By Thomson Reuters Apr 16, 2026 | 6:49 PM

By Libby George

WASHINGTON, April 16 (Reuters) – The International Monetary Fund and the World Bank said on Thursday they had resumed dealings with Venezuela, which had been paused since 2019.

The move paves the way ​for a full IMF assessment of Venezuela’s economy for the ‌first time in some 20 years and could eventually unlock billions of dollars in funding via frozen special drawing rights.

IMF Managing Director Kristalina Georgieva said in a statement that the Fund, guided by the views of a majority of its members, was now dealing ‌with ​Venezuela’s government under the administration of the South ⁠American nation’s interim President Delcy ⁠Rodriguez.

The World Bank Group also issued a statement announcing it was resuming dealings with Venezuela’s government under Rodriguez. Its last loan, the statement said, was in 2005.

The resumption of a formal relationship comes after U.S. President ​Donald Trump’s administration in January ousted President Nicolas Maduro in a raid on Caracas. Since then, Washington has been working with Rodriguez and is ⁠looking to expand the U.S. presence in ⁠Venezuela’s oil and mining sectors.

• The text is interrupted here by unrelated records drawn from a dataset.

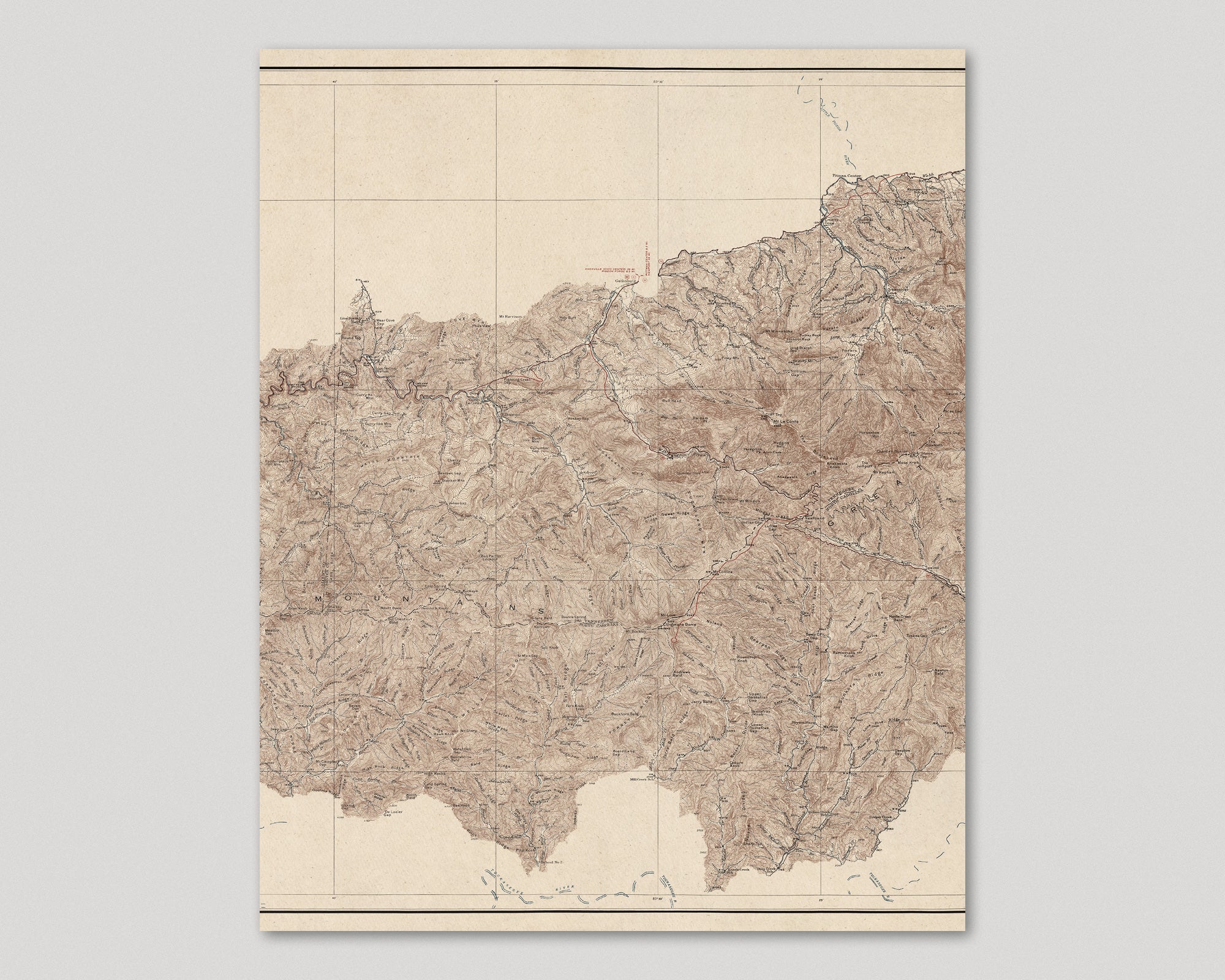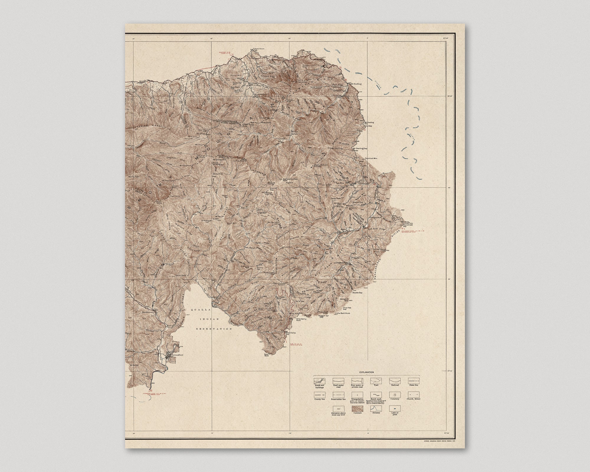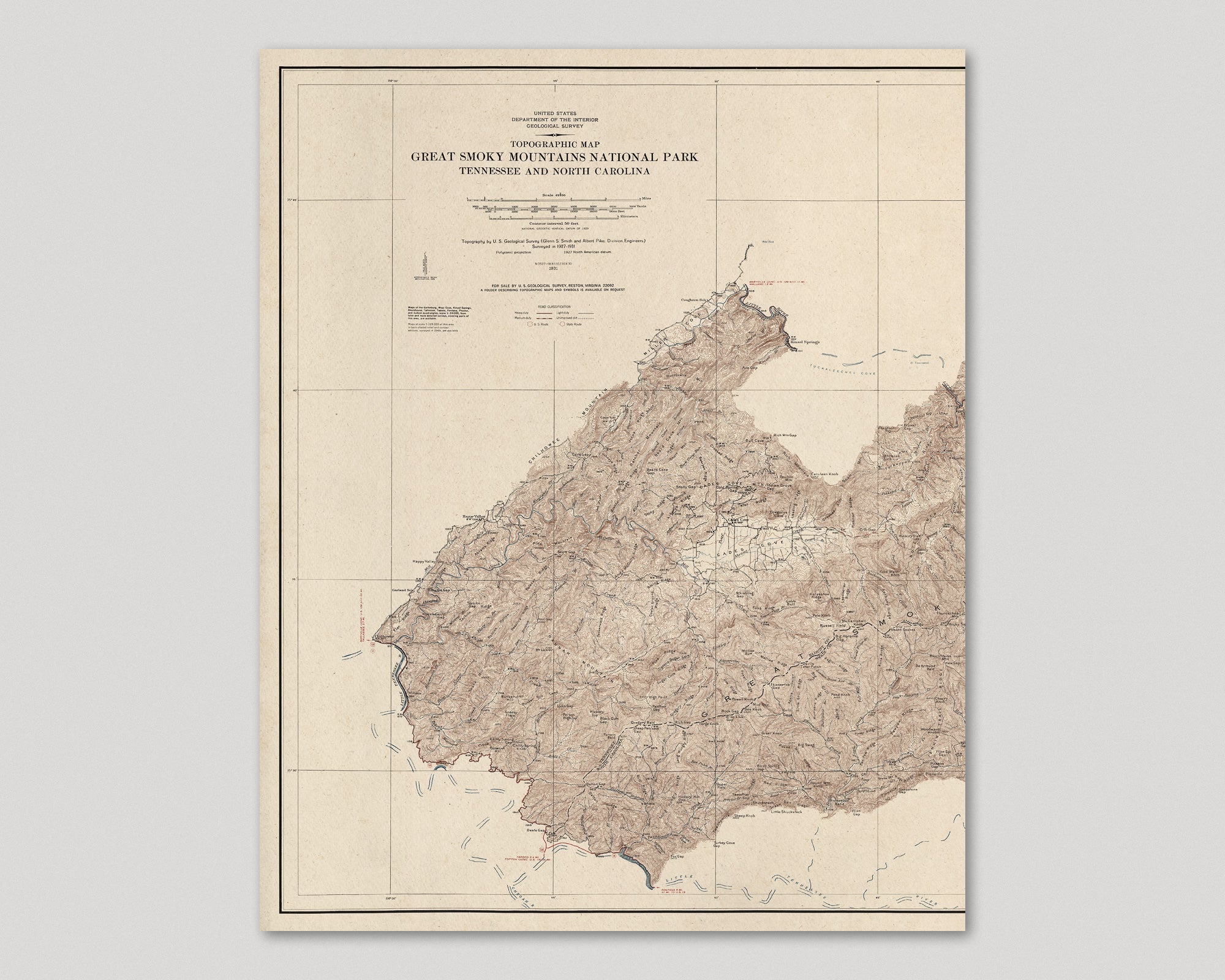 Archival print reproduction of an antique map of Great Smoky Mountains National Park from 1931 by the US Geological Survey.
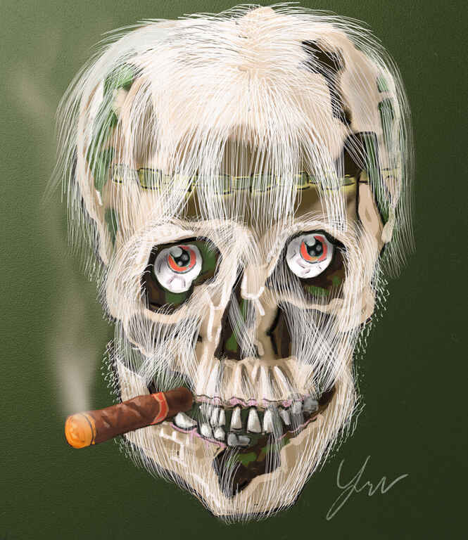 Using a reference of a skull and a cigar I produced this mash up. As you can see I made some good use of a hair brush.
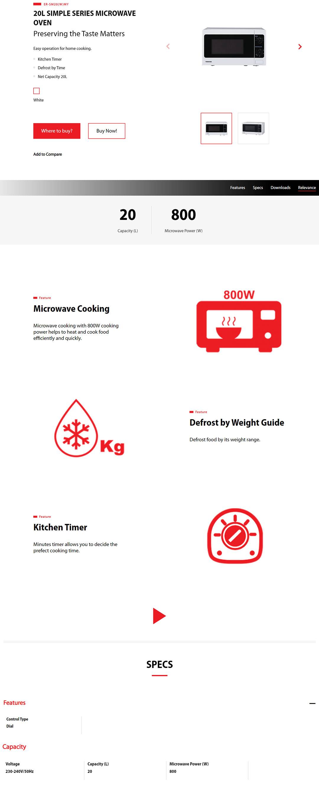 ● Microwave cooking with 800W ● Defrost by Weight Guide ● Kitchen Timer
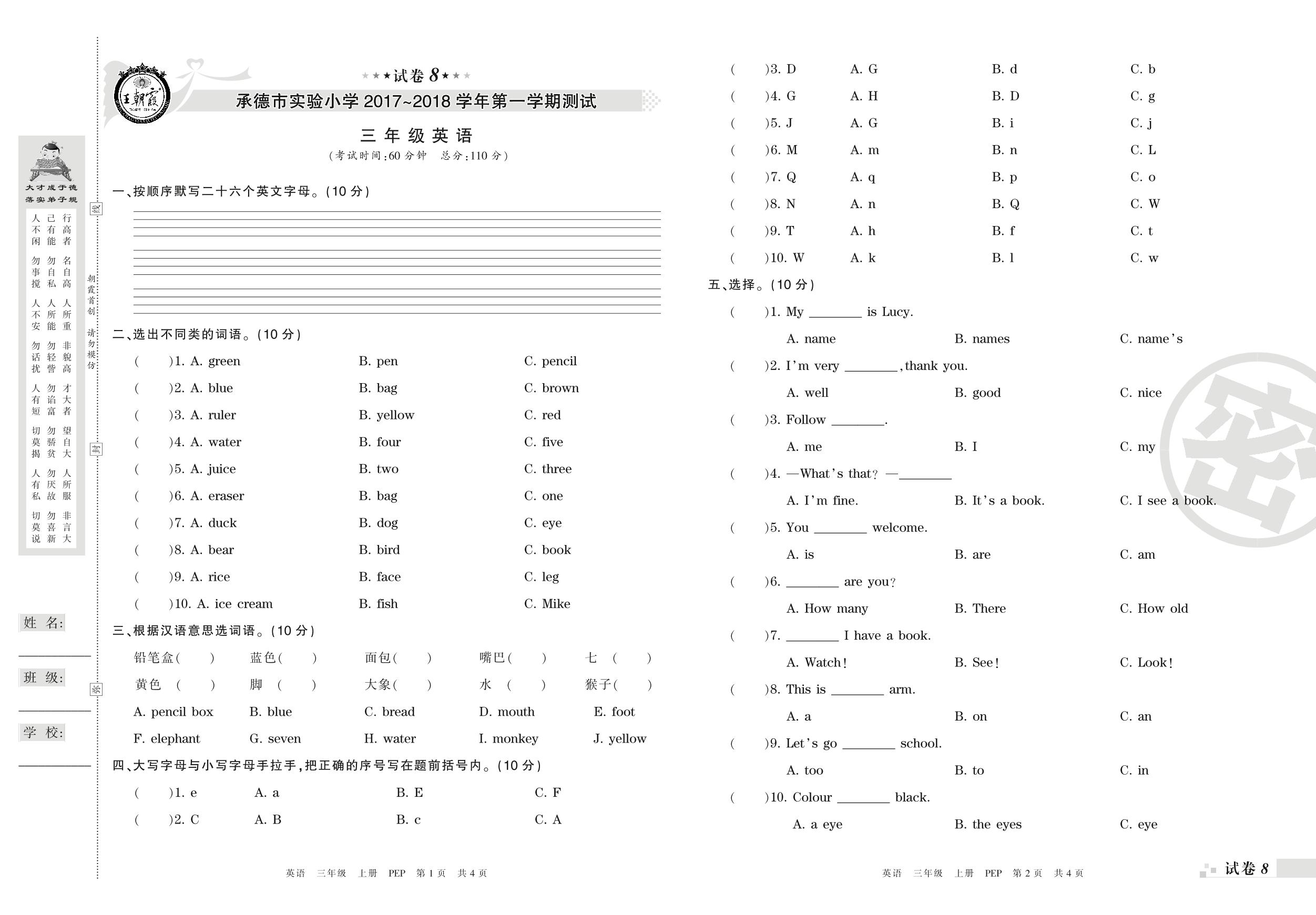 2017-2018学年第一学期承德市实验小学三年级英语试卷(PEP版)【8】

“This is a very important step ​for the Venezuelan economy,” Rodriguez said in a televised address, thanking Trump and ​U.S. Secretary of State Marco Rubio, as well as others, for ‌their help in normalizing the relationship with the IMF.

DEBT RESTRUCTURING AND SHORT-TERM FUNDING HOPES

JPMorgan has estimated that Venezuela’s special drawing rights, assets that are available to countries with engagement with the IMF, are worth $5 billion.

Investors have bet big ⁠on Venezuela’s bonds in hopes that the change in government can enable a debt restructuring. Analysts estimate that Venezuela has about $60 billion of defaulted bonds outstanding, but ⁠total external debt is ‌pegged at roughly $150 billion to $170 billion.

The IMF last month ⁠said it was beginning to re-engage with Venezuela, starting by ​collecting ‌basic data and assessing the economy after years of ​gaps. But ⁠a full sovereign restructuring is typically underpinned by a new IMF lending program – and the data that comes with it regarding what level of debt is sustainable for a country.